### INSTRUCTIONS TO FOLLOW
Without including any pictures, reproduce all the lines below word for word.

### Records excerpted from a collection
__________

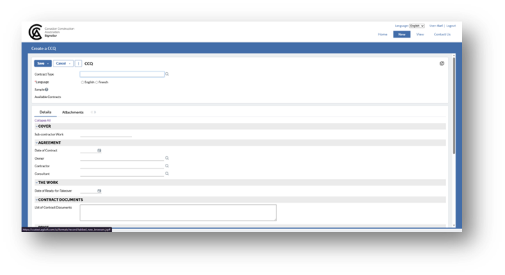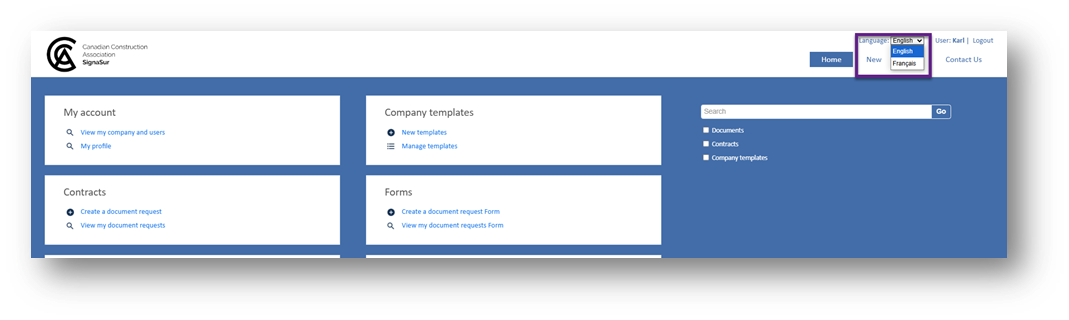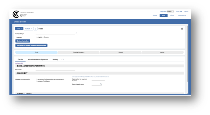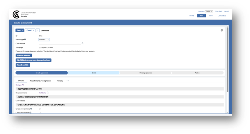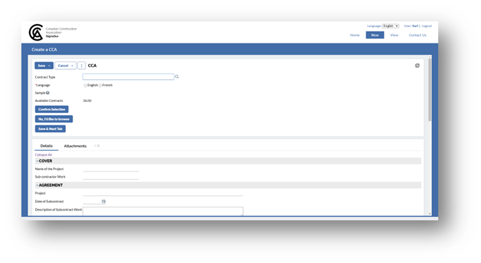 *Note: To create an English contract, please use the English system layout. For a French contract, use the French system layout.
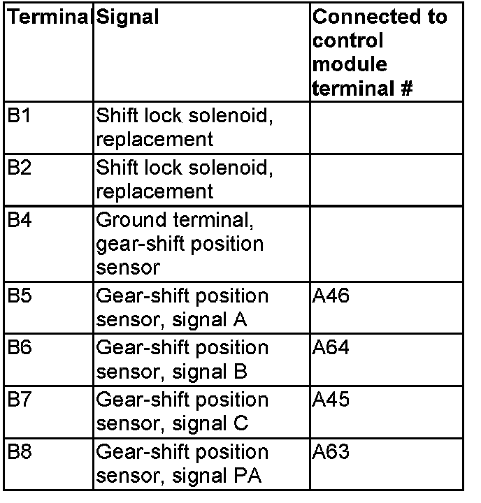 Connector B, transmission
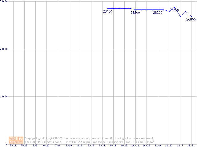 | [↑前グラフ]: | MHRシリーズ (9.5mm,4200rpm,UltraATA/100,2MB,FDB,20GB/Platter)の最安値推移 |
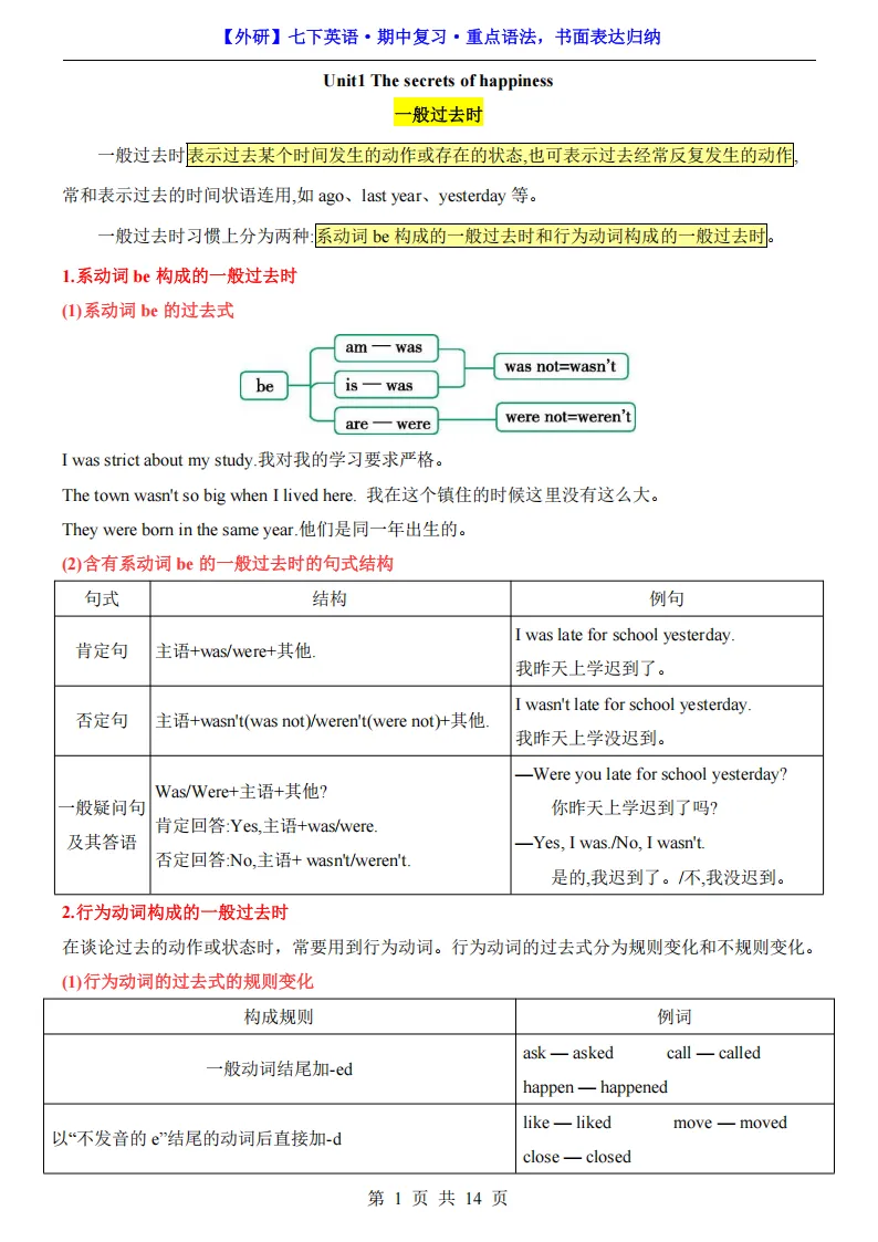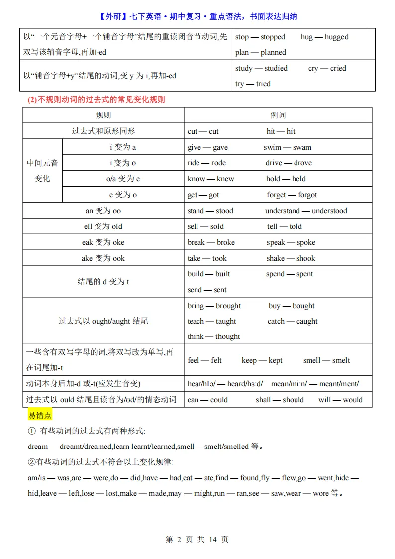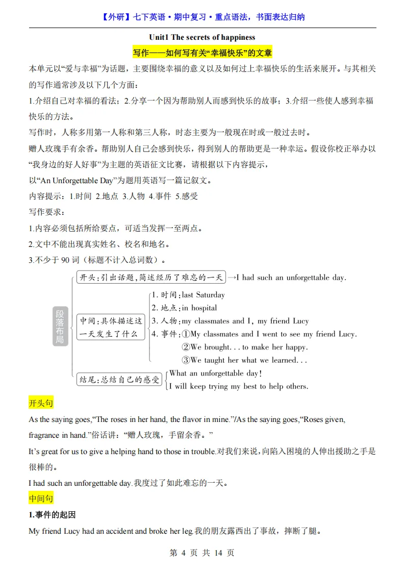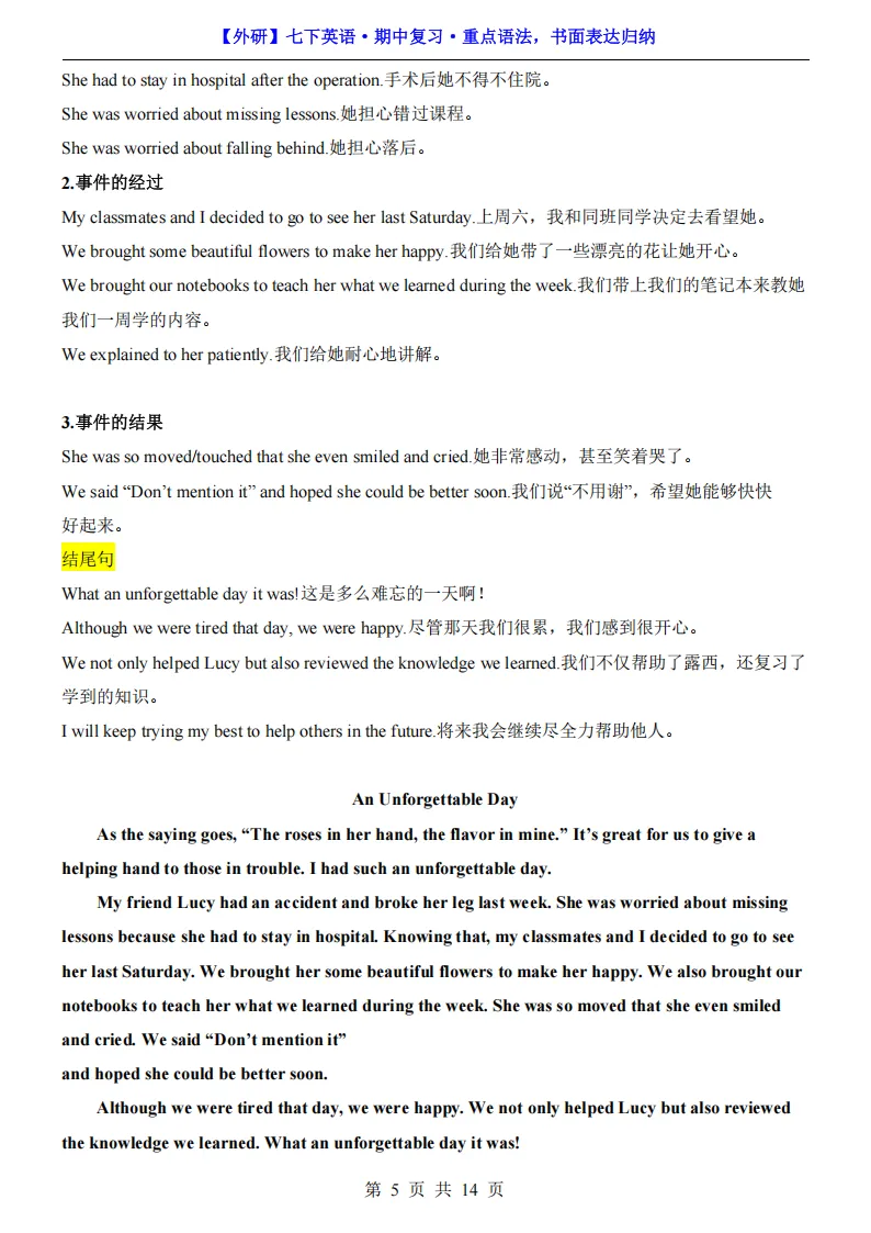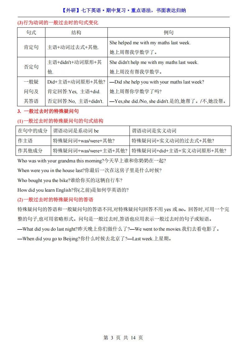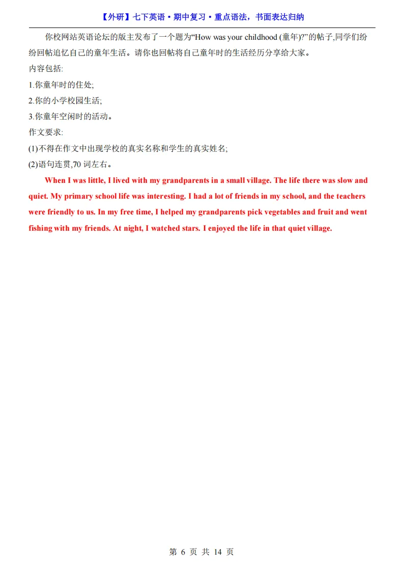 专项练习 I 七年级(下)英语期中复习重点语法,书面表达归纳(外研版) 电子版可下载打印
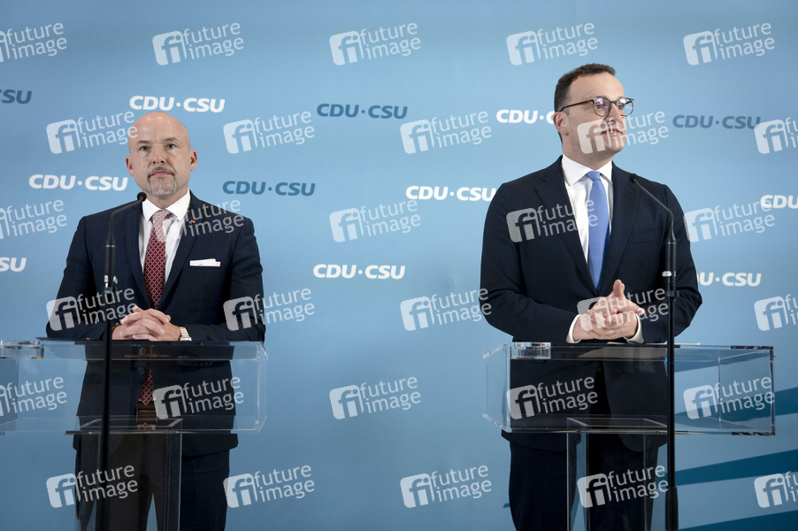 Alexander Hoffmann und Jens Spahn beim Pressestatement zur Fraktionssitzung der CDU/CSU-Bundestagsfraktion im Reichstagsgebäude. Berlin, 03.06.2025

__________

### COMPLETED TASK
 *Note: To create an English contract, please use the English system layout. For a French contract, use the French system layout.
 Connector B, transmission
 | [↑前グラフ]: | MHRシリーズ (9.5mm,4200rpm,UltraATA/100,2MB,FDB,20GB/Platter)の最安値推移 |
 专项练习 I 七年级(下)英语期中复习重点语法,书面表达归纳(外研版) 电子版可下载打印
 Alexander Hoffmann und Jens Spahn beim Pressestatement zur Fraktionssitzung der CDU/CSU-Bundestagsfraktion im Reichstagsgebäude. Berlin, 03.06.2025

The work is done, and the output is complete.